You mentioned to carefully disconnect the harness. What do u mean by that?


----------



## cbs_24 (May 21, 2011)

This is a GTI not a 2.5 engine, but it's pretty much the same.

http://golfmk5.com/forums/showthread.php?t=18676&highlight=diy+spark+plugs


----------



## cbs_24 (May 21, 2011)

cbs_24 said:


> This is a GTI not a 2.5 engine, but it's pretty much the same.
> 
> http://golfmk5.com/forums/showthread.php?t=18676&highlight=diy+spark+plugs



I used his zip tie trick this weekend when i did mine and it worked very well. :thumbup:


----------



## mrkastro (Feb 10, 2005)

Thank you! Now I'm confident to start this task. Gonna get her new plugs a K&N filter, then next week when I have time I will change the fuel filter!


----------



## cbs_24 (May 21, 2011)

mrkastro said:


> Thank you! Now I'm confident to start this task. Gonna get her new plugs a K&N filter, then next week when I have time I will change the fuel filter!



I swapped the fuel filter by using another DIY I found on here or golfmk5.com (i can't remember) on Sunday. Very simple once I figured out how to disconnect everything.


----------



## A1an (Mar 22, 2007)

I was able to remove my coil packs by hand...no weird tools needed.


----------



## mrkastro (Feb 10, 2005)

Meh, can't do it today. Autozone and Advance don't have the plugs and the air filter in stock. But on the other hand i saved $20 of my total order at advance online. The only place i can find the fuel filter is at dealer. These are my quote prices:

Part---------Advance-------------------------------Dealer

Plug---------$13.59 discounted to $11ea----------$16.80
F Filter------$37 but n/a-----------------------------$43
K&N filter $44.95 disc to $38-------------------N/A
Anti seize $3.00

Thanks again for the links!!


----------



## A1an (Mar 22, 2007)

Ouch on the fuel filter price. 1stvwparts has the plugs for just under $11 each and the fuel filter for just under $27.


----------



## cbs_24 (May 21, 2011)

A1an said:


> Ouch on the fuel filter price. 1stvwparts has the plugs for just under $11 each and the fuel filter for just under $27.



ECS has it for thirty something and dbcperformance.com about the same.

http://www.dbcperformance.com/category_s/912.htm


----------



## twotech (Dec 11, 2011)

Like A1an said, I've also used my hand or gentle leverage with the right screwdriver many times. No special tool required.

Just curious if the fuel filter change is really required. I know it might be a maintenance item for diesel but regular gas as well?


----------



## mrkastro (Feb 10, 2005)

Well, thanks for the 1stvw suggestion, that's where I'm ordering the filter from, as advance sent an email and they dont have the filter in stock or anytime soon. I will receive all other parts Saturday and this will be my Sunday project. 
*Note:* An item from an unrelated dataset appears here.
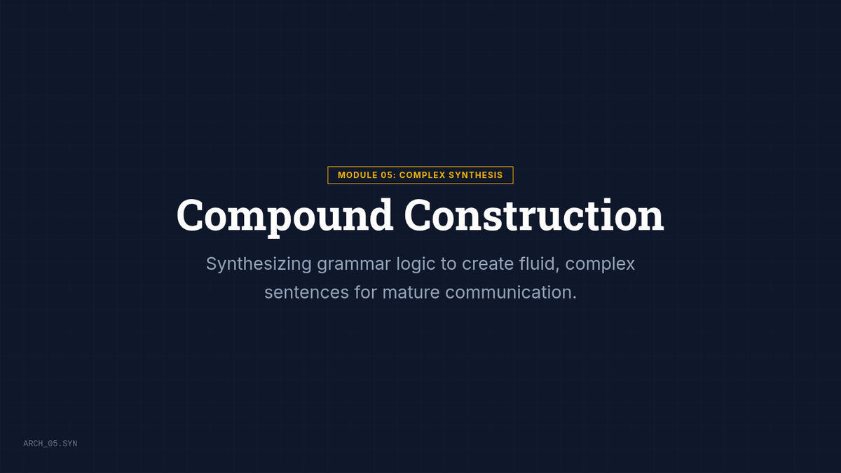 Synthesizes previous knowledge to build fluid, compound sentences using logical conjunctions for mature communication.

As for the filter replacement, I'm gonna do it now bcoz she's at 77k and i just took her today for the oil change($89 local vw dealer synthetic oil) and the next schedule oil change(as per vw mechanics) will be at 85k I know I know, thats what the sticker says 85k lol. Should I trust the 8k miles interval they are suggesting(and keep an eye at oil stick) or take her in at 82k? 

Another question... On ecstunning 40k maintenance kit they have the cabin filter, engine filter and a long round lookin filter. Whats this filter for and where is it located?


----------



## cbs_24 (May 21, 2011)

mrkastro said:


> Well, thanks for the 1stvw suggestion, that's where I'm ordering the filter from, as advance sent an email and they dont have the filter in stock or anytime soon. I will receive all other parts Saturday and this will be my Sunday project.
> 
> As for the filter replacement, I'm gonna do it now bcoz she's at 77k and i just took her today for the oil change($89 local vw dealer synthetic oil) and the next schedule oil change(as per vw mechanics) will be at 85k I know I know, thats what the sticker says 85k lol. Should I trust the 8k miles interval they are suggesting(and keep an eye at oil stick) or take her in at 82k?
> 
> Another question... *On ecstunning 40k maintenance kit they have the cabin filter, engine filter and a long round lookin filter. Whats this filter for and where is it located*?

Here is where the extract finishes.